Burrows-Wheeler Alignment (BWA) Tool on Biowulf

Quick Links

BWA is a fast light-weighted tool that aligns short sequences to a sequence database, such as the human reference genome. By default, BWA finds an alignment within edit distance 2 to the query sequence, except for disallowing gaps close to the end of the query. It can also be tuned to find a fraction of longer gaps at the cost of speed and of more false alignments.

BWA excels in its speed. Mapping 2 million high-quality 35bp short reads against the human genome can be done in 20 minutes. Usually the speed is gained at the cost of huge memory, disallowing gaps and/or the hard limits on the maximum read length and the maximum mismatches. BWA does not. It is still relatively light-weighted (2.3GB memory for human alignment), performs gapped alignment, and does not set a hard limit on read length or maximum mismatches.
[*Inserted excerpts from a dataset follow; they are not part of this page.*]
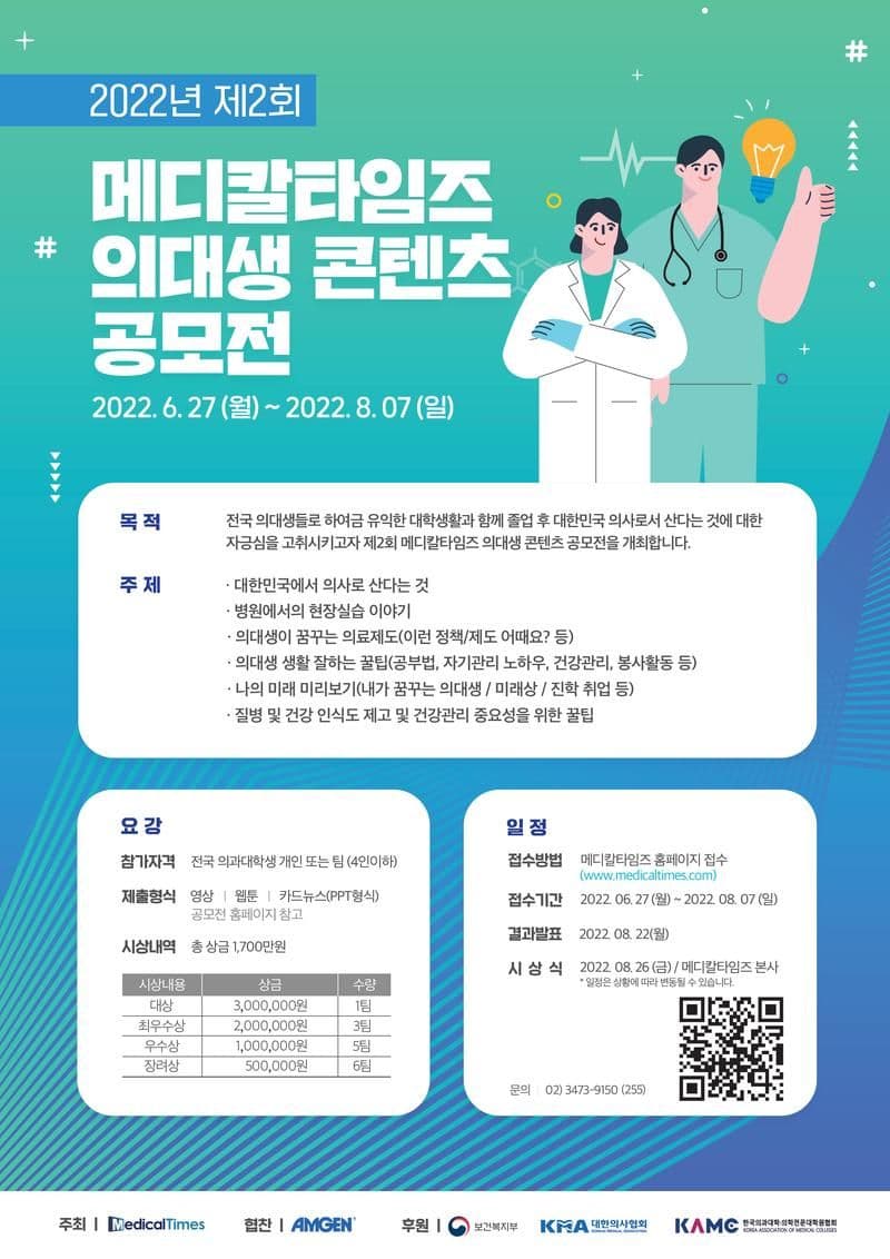 전국 의대생들로 하여금 유익한 대학생활과 함께 졸업 후 대한민국 의사로서 산다는 것에 대한 자긍심을 고취시키고자 제2회 메디칼타임즈 의대생 콘텐츠 공모전을 개최합니다.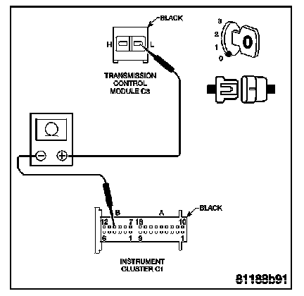 NOTE: Check connectors � Clean/repair as necessary. Measure the resistance of the CAN C Bus (-) circuit from the TCM C3 harness connector to the Instrument Cluster C1 harness connector.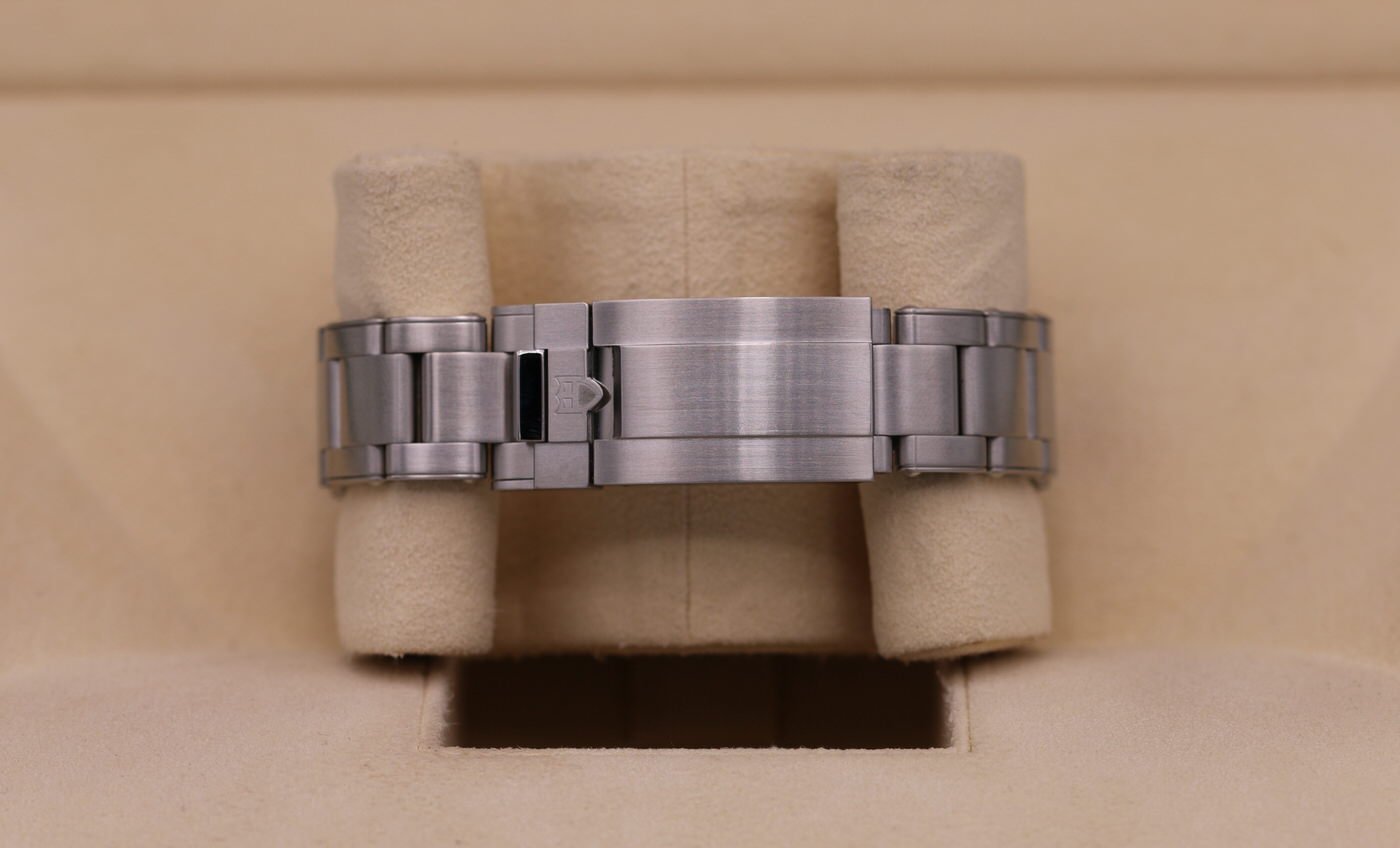 The bracelet is in excellent condition with a few small hairlines and marks. It has all the links and will fit around a 7.75″ wrist.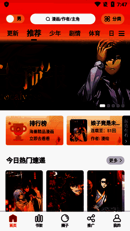 汇聚众多漫画佳作,打造全互联网受欢迎的漫画平台。不仅有漫画资源,还有丰富小说资源,提供大量免费作品。能实时更新漫画,流行漫画多,更新速度基本即时同步,满足各年龄段需求。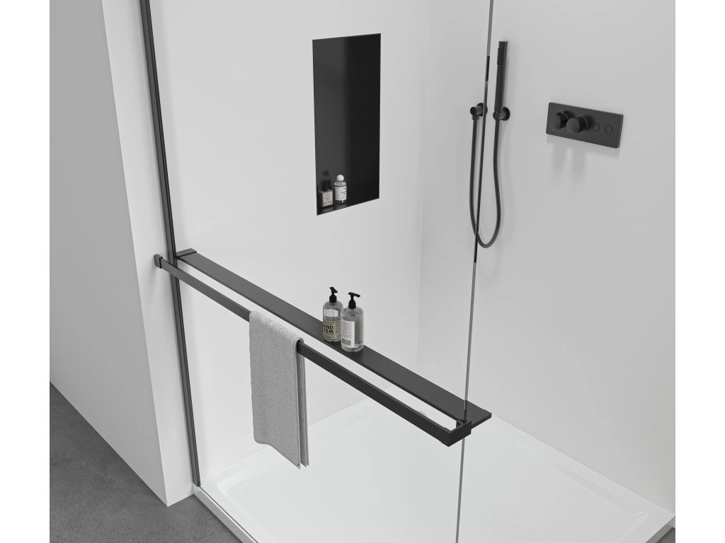 Inteligentne rozwiązanie 2 w 1 do kabin prysznicowych. Zewnętrzny uchwyt na ręczniki, praktyczna półka na kosmetyki i drobiazgi wewnątrz – wszystko pod ręką. Pasuje do kabin prysznicowych o maksymalnej grubości szkła 8 mm . Regulowana szerokość od 30 do 160 cm w zależności od rodzaju kabiny. Oszczędność miejsca, nowoczesny wygląd i praktyczne zastosowanie w jednym.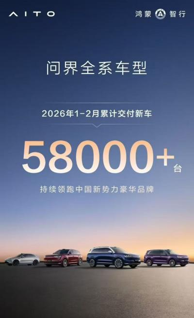 鸿蒙智行问界全系车型1-2月累计交付新车超5.8万。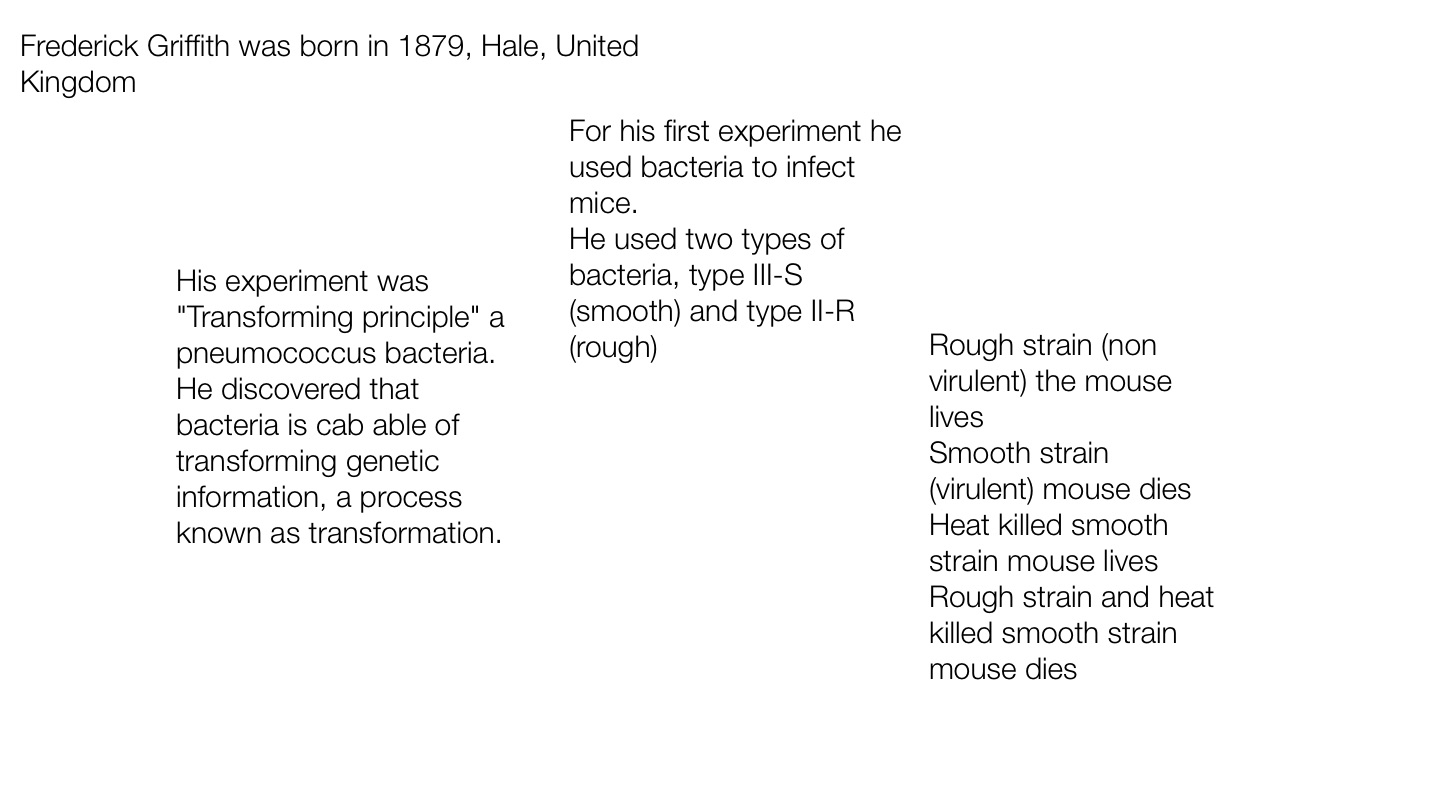 His experiment was "Transforming principle" a pneumococcus bacteria. He discovered that bacteria is cab able of transforming genetic information, a process known as transformation.

Given a database file in FASTA format, BWA first builds BWT index with the 'index' command. The alignments in suffix array (SA) coordinates are then generated with the 'aln' command. The resulting file contains ALL the alignments found by BWA. The 'samse/sampe' command converts SA coordinates to chromosomal coordinates. For single-end reads, most of computing time is spent on finding the SA coordinates (the aln command). For paired-end reads, half of computing time may be spent on pairing (the sampe command) given 32bp reads. Using longer reads would reduce the fraction of time spent on pairing because each end in a pair would be mapped to fewer places.

References:

Documentation

bwa Main Site
Type bwa at the prompt
Type bwa command at the prompt, e.g. bwa index

Important Notes

Module Name: bwa (see the modules page for more information)
Multithreaded
Example files in /fdb/app_testdata/fastq/
Reference data in:
- /fdb/bwa/
- /fdb/igenomes/organism/source/build/Sequence/BWAIndex/, where
  - organism is the specific organism of interest (Gallus_gallus, Rattus_norvegicus, etc.)
  - source is the source for the sequence (NCBI, Ensembl, UCSC)
  - build is the specific genome draft of interest (hg19, build37.2, GRCh37)

Interactive job

Interactive jobs should be used for debugging, graphics, or applications that cannot be run as batch jobs.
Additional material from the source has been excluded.